Вот как обстояло дело со Степным волком, и можно представить себе, что жизнь у Гарри была не очень-то приятная и счастливая. Но это не значит, что он был несчастлив в какой-то особенной мере (хотя ему самому так казалось, ведь каждый человек считает страдания, выпавшие на его долю, величайшими). Так не следует говорить ни об одном человеке. И тот, в ком нет волка, не обязательно счастлив поэтому. Да и у самой несчастливой жизни есть свои светлые часы и свои цветики счастья среди песка и камней. Так было и со Степным волком. Большей частью он бывал очень несчастлив, этого нельзя отрицать, и делал несчастными других – когда он любил их, а они его. Ведь все, кому случалось его полюбить, видели лишь одну его сторону. Многие любили его как тонкого, умного и самобытного человека и потом, когда вдруг обнаруживали в нем волка, ужасались и разочаровывались. А не обнаружить они не могли, ибо Гарри, как всякий, хотел, чтобы его любили всего целиком, и потому не мог скрыть, спрятать за ложью волка именно от тех, чьей любовью он дорожил. Но были и такие, которые любили в нем именно волка, именно свободу, дикость, опасную неукротимость, и их он опять-таки страшно разочаровывал и огорчал, когда вдруг оказывалось, что этот дикий, злой волк – еще и человек, еще и тоскует по доброте и нежности, еще и хочет слушать Моцарта, читать стихи и иметь человеческие идеалы. Именно эти вторые испытывали обычно особенное разочарование и особенную злость, и поэтому Степной волк вносил собственную двойственность и раздвоенность также и во все чужие судьбы, которые он задевал.

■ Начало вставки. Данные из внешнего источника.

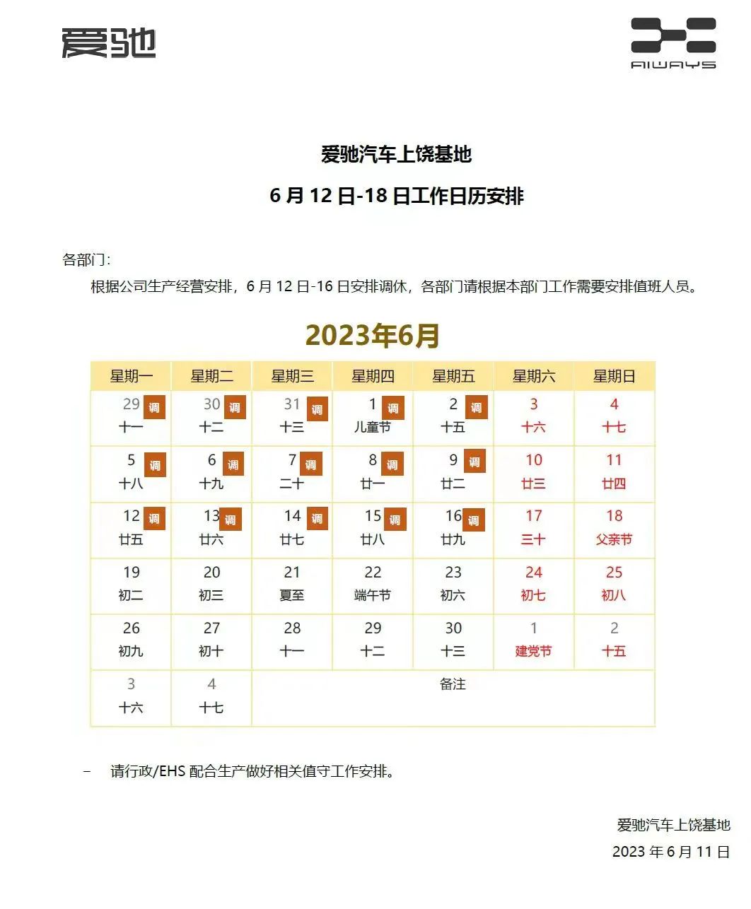 爱驰引以为傲的江西上饶工厂,目前也已处于停摆状态。一位当地的爱驰员工告诉雪豹财经社,从今年2月起,上饶工厂就开始上3休4;从5月起,工厂开始全员“调休”,只留少数员工值班。
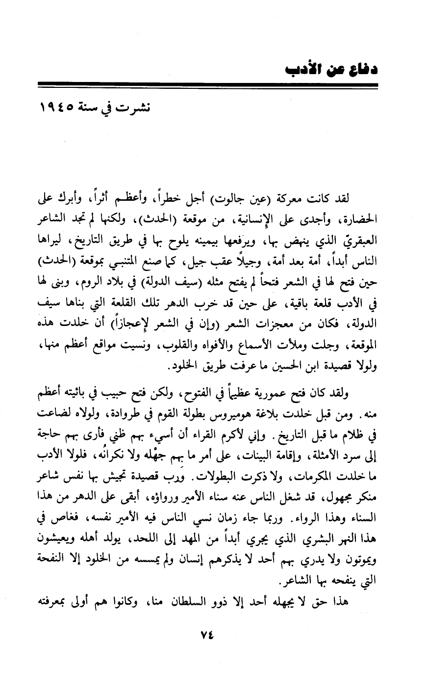 ولقد كان فتح عمورية عظيماً في الفتوح، ولكن فتح حبيب في بائيته أعظم منه. ومن قبل خلدت بلاغة هوميروس بطولة القوم في طروادة، ولولاه لضاعت في ظلام ما قبل التاريخ. وإني لأكرم القراء أن أسيء بهم ظني فأرى بهم حاجة إلى سرد الأمثلة، وإقامة البينات، على أمر ما بِهم جهْله ولا نكرانُه، فلولا الأدب ما خلدت المكرمات، ولا ذكرت البطولات. ورب قصيدة تجيش بها نفس شاعر منكر مجهول، قد شغل الناس عنه سناء الأمير ورواؤه، أبقى على الدهر من هذا السناء وهذا الدواء. وربما جاء زمان نسي الناس فيه الأمير نفسه، فغاص في هذا القهر البشري الذي يجري أبداً من المهد إلى اللحد، يولد أهله ويعيشون ويموتون ولا يدري بهم أحد لا يذكرهم إنسان ولم يمسسه من الخلود إلا النفحة التي ينفحه بها الشاعر.
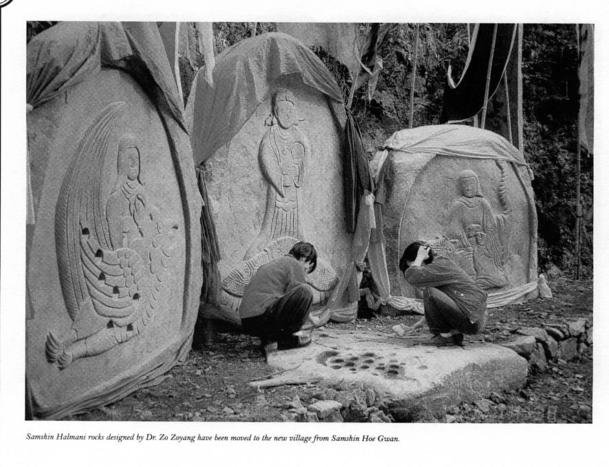 | These Samshin-halmoni rock-icons designed by Dr. Zo have been moved to the new village from Samshin Hoe-gwan.. |
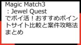 Magic Match3に似た名称のマッチ3パズルゲーム、例えば「ジュエルジャングル」や「キラキラジュエルパズル」、「ポイ活&懸賞マッチ3パズルゲーム」といったアプリについては、複数のポイントサイトでポイ活案件として提供されています。
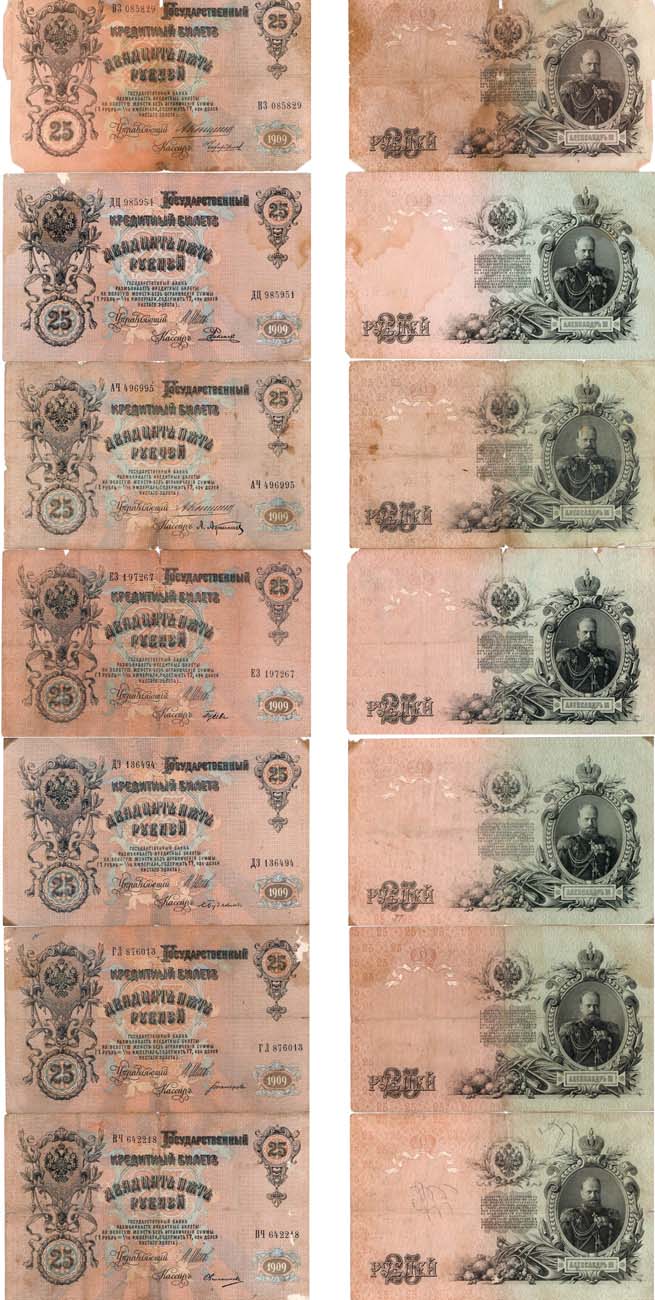 25 рублей 1909 года. Подписи: Коншин/Афанасьев. ZG2.№1.16.85. 25 рублей 1909 года. Подписи: Коншин/Чихиржин. ZG2.№1.16.104. 25 рублей 1909 года. Подписи: Шипов/Родионов. ZG2.№1.17.23. 25 рублей 1909 года. Подписи: Шипов/Гусев. ZG2.№1.17.23. 25 рублей 1909 года. Подписи: Шипов/Бубякин. ZG2.№1.17.23. 25 рублей 1909 года. Подписи: Шипов/Богатырев. ZG2.№1.17.22. 25 рублей 1909 года. Подписи: Шипов/Овчинников. ZG2.№1.17.22. F/XF-.

Но кто полагает, что знает Степного волка и способен представить себе его жалкую, растерзанную противоречиями жизнь, тот ошибается, он знает еще далеко не все. Он не знает, что (ведь нет правил без исключений, и один грешник при случае милей Богу, чем девяносто девять праведников), – что у Гарри тоже бывали счастливые исключения, что в нем иногда волк, а иногда человек дышал, думал и чувствовал в полную свою силу, что порой даже, в очень редкие часы, они заключали мир и жили в добром согласье, причем не просто один спал, когда другой бодрствовал, а оба поддерживали друг друга и каждый делал другого вдвое сильней. Иногда и в жизни Гарри, как везде в мире, все привычное, будничное, знакомое и регулярное имело, казалось, единственной целью передохнуть на секунду, прерваться и уступить место чему-то необычайному, чуду, благодати. А облегчали, а смягчали ли эти короткие, редкие часы счастья лихую долю Степного волка, уравновешивались ли на круг страданье и счастье, или короткое, но сильное счастье тех немногих часов, чего доброго, даже перекрывало всю совокупность страданий, – это уже другой вопрос, над которым вольно размышлять людям праздным. Размышлял над ним часто и Степной волк, и это были его праздные и бесполезные дни.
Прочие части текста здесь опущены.